▶ _Data to process_:
----
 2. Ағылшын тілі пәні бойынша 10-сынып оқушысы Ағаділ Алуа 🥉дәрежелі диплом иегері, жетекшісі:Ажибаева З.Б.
----
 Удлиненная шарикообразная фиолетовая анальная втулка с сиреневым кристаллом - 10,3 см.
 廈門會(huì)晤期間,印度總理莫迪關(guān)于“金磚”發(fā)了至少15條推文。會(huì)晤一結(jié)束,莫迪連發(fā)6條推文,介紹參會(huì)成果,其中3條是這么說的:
----
▶ _What you are asked to do_: Taking the records above, retype every line from the one with "Удлиненная шарикообразная фиолетовая" down to the one with "廈門會(huì)晤期間,印度", exactly and with nothing else.

▶ _Task output_:
 Удлиненная шарикообразная фиолетовая анальная втулка с сиреневым кристаллом - 10,3 см.
 廈門會(huì)晤期間,印度總理莫迪關(guān)于“金磚”發(fā)了至少15條推文。會(huì)晤一結(jié)束,莫迪連發(fā)6條推文,介紹參會(huì)成果,其中3條是這么說的:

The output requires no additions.